Ondanks het bijzonder hoge aantal aanvallen is de pakkans bijzonder klein. Tot nog toe werden slechts vier personen veroordeeld voor hun aandeel in brandstichtingen of aanvallen op vluchtelingencentra. En dat terwijl 104 mensen gewond werden bij de aanslagen. Vrijwel de enige conclusie die hieruit kan getrokken worden, is dat de overheid het niet als een prioriteit beschouwd om daders op te sporen of dit soort aanslagen te vermijden. Die Zeit schuift ook nog een andere factor naar voor: bewoners uit de omgeving van de vluchtelingencentra gaan soms akkoord met de aanvallen en weigeren te getuigen over de vermeende daders.

Zweedse Democraten

Net als in Duitsland, kent ook Zweden een drastische toename van geweld tegenover vluchtelingen. Dit is een overzicht van de gewelddadige incidenten die plaatsvonden in één maand, namelijk oktober 2015:

  • 13 oktober: in het plaatsje Arlov brandt een huis voor niet begeleide minderjarige vluchtelingen volledig uit. Een dag voor het zou opengaan.
  • 16 oktober: een school in Ljungby waarin vluchtelingen zouden opgevangen worden brandt uit.
  • 17 oktober: In Onsala is er brandschade in een school waarin vluchtelingen zouden gehuisvest worden.
  • 20 oktober: In Munkedal brandt een onthaalcentrum voor vluchtelingen uit. Veertien asielzoekers konden ternauwernood uit een raam ontsnappen
  • 21 oktober: In een voormalig rusthuis in Oderljunga breekt brand uit.
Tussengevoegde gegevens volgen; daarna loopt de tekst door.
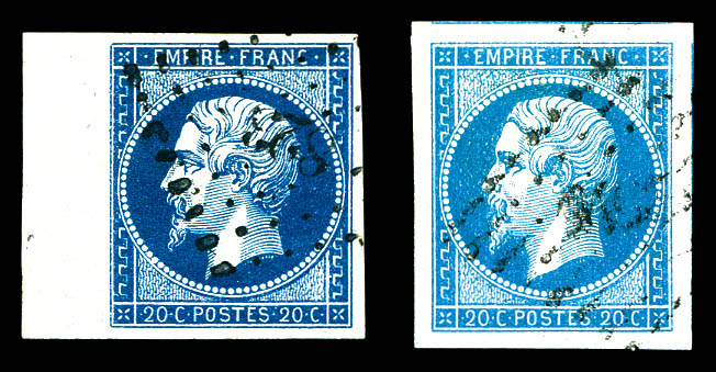 N°14, 20c bleu type I, bord de feuille + ex bleu pâle grandes marges avec voisins. TTB Qualité: Oblitéré
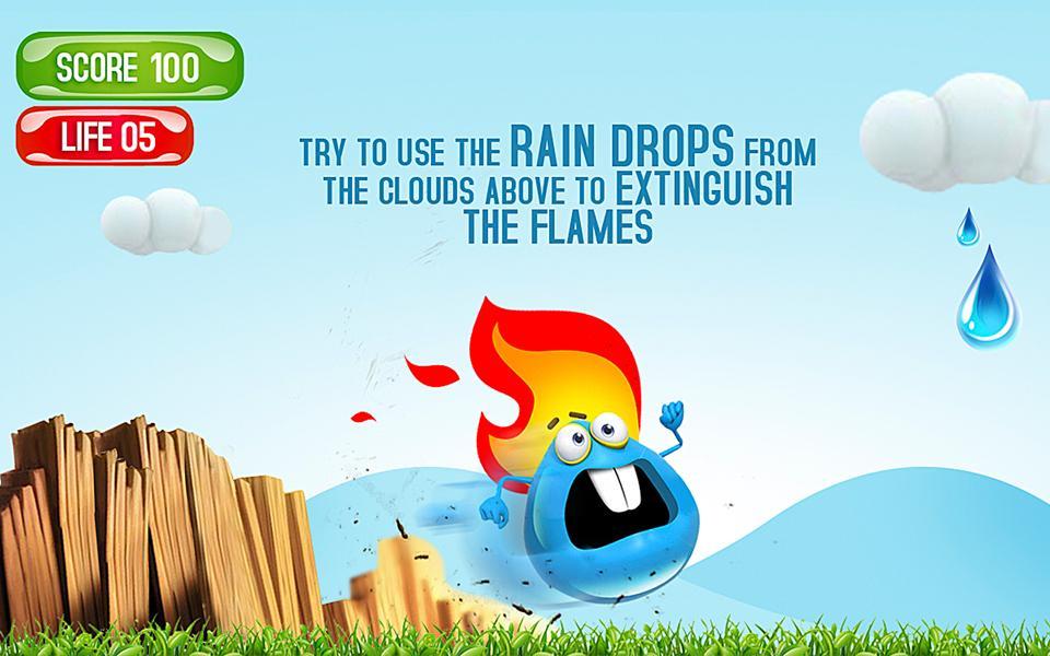 Versuchen Sie, die Regentropfen aus den oben genannten Wolken zu verwenden, um die Flammen zu löschen ...
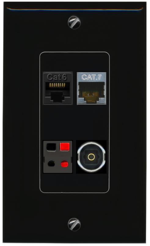RiteAV CAT6 CAT7 SPEAKER TOSLINK Wall Plate Decorative [Black]
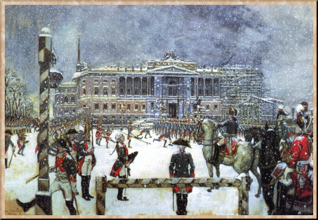 В творчестве Бенуа-художника решительно преобладала история. Две темы неизменно пользовались его вниманием: "Петербург XVIII - начала XIX в." и "Франция Людовика XIV". К ним он обращался в первую очередь в своих исторических композициях - в двух "версальских сериях" (1897, 1905-06), в широко известных картинах "Парад при Павле I" (1907), "Выход Екатерины II в Царскосельском дворце" (1907) и др., воспроизводя давно ушедшую жизнь с глубоким знанием и тонким ощущением стиля. Тем же темам, в сущности, были посвящены и его многочисленные натурные пейзажи, которые он обычно исполнял то в Петербурге и его пригородах, то в Версале (Бенуа регулярно ездил во Францию и подолгу жил там). Эти же темы господствовали в его книжных и театральных работах, которым он, как большинство "мирискусников", уделял не меньше, если не больше, внимания, чем станковому творчеству. В историю русской книжной графики художник вошел своей книжкой "Азбука в картинах Александра Бенуа" (1905) и иллюстрациями к "Пиковой даме" А. С. Пушкина, исполненными в двух вариантах (1899, 1910), а также замечательными иллюстрациями к "Медному всаднику", трем вариантам которых посвятил почти двадцать лет труда (1903-22).
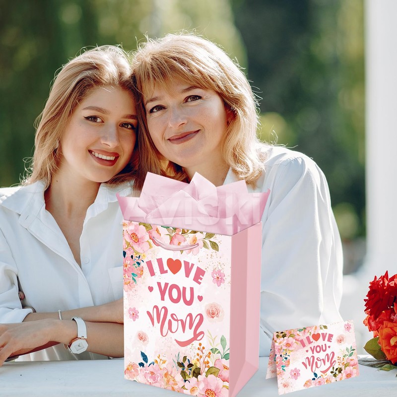 - PERFECT SIZE AND PACKAGE CONTENTS - Each mothers day paper gift bag measures 33×26×12.5 cm/13 x 10.2 x 4.9 in, and has a 9-10 cm handle. They are proper in size and can hold items such as candies, biscuits, chocolates, cards, toys, and other gifts etc. Very suitable for gift packaging. This set includes 1 gift bag, 2 pcs of pink tissue paper and 1 lovely greeting card.
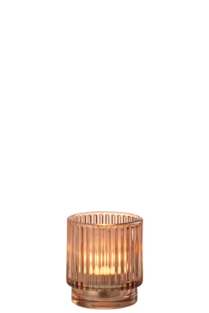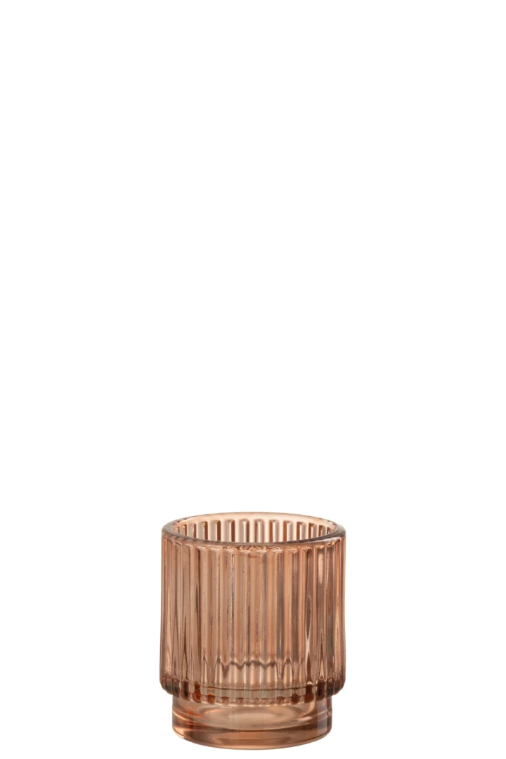 Theelichthouder Gestreept Glas Bruin Klein
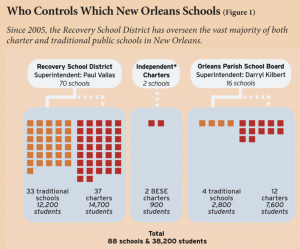 Before Hurricane Katrina hit in August 2005, New Orleans’ 124 public schools were already opened (Dreilinger, 2019). The majority of these schools were under the Orleans Public School Board the others were either controlled by the Recovery School District or under a charter school management organization (Dreilinger, 2019). Established prior to the Hurricane, the

Dat gebeurt een dag voordat er zou beslist worden of daar vluchtelingen kunnen opgevangen worden.
  • 26 oktober: In Lund brandt een school uit waarin vluchtelingen zouden gehuisvest worden. Dat gebeurde nadat de extreemrechtse partij Zweedse Democraten een kaart online had gezet waarop de plaatsen gemarkeerd stonden waar vluchtelingen (zouden) opgevangen worden.

Pogroms

Eén van de meest zorgwekkende fenomenen die we de afgelopen maanden zagen opduiken, was de terugkeer van de pogrom. Een pogrom kan gedefinieerd worden als een gewelddadige collectieve actie waarbij een specifieke bevolkingsgroep belaagd wordt. Het woord pogrom associëren we vooral met gewelddadige uitbarstingen tegenover joden. Maar pogroms kunnen ook tegenover andere bevolkingsgroepen plaatsvinden. Dat is alvast wat gebeurde in de Corsicaanse hoofdstad Ajaccio in december. Een groep van een tweehonderdtal relschoppers schreeuwde “Arabieren buiten!” en “Dit is onze thuis!” terwijl ze optrokken richting de plaatselijke moskee. Die moskee werd vernield en exemplaren van de koran werden in brand gestoken.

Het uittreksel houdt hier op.